------ DATA ------
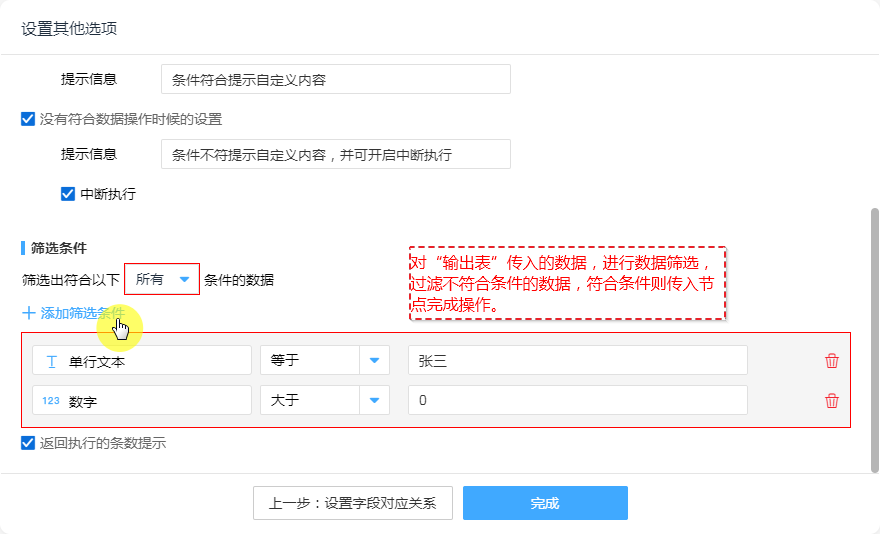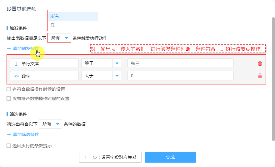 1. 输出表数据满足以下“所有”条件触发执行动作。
------
------ DATA ------
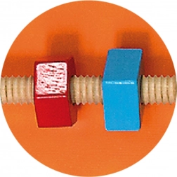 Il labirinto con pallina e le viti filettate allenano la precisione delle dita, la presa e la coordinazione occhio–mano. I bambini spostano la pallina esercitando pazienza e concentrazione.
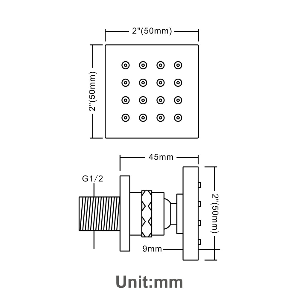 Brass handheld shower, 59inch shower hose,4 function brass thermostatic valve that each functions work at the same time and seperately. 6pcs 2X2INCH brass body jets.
------
* THE PROBLEM *
In the listing above, find the line containing "Il labirinto con" and the line containing "Brass handheld shower, 59inch". Reproduce those lines and all between them exactly, with no pictures and nothing more.

* SOLUTION FOR THIS PROBLEM *
 Il labirinto con pallina e le viti filettate allenano la precisione delle dita, la presa e la coordinazione occhio–mano. I bambini spostano la pallina esercitando pazienza e concentrazione.
 Brass handheld shower, 59inch shower hose,4 function brass thermostatic valve that each functions work at the same time and seperately. 6pcs 2X2INCH brass body jets.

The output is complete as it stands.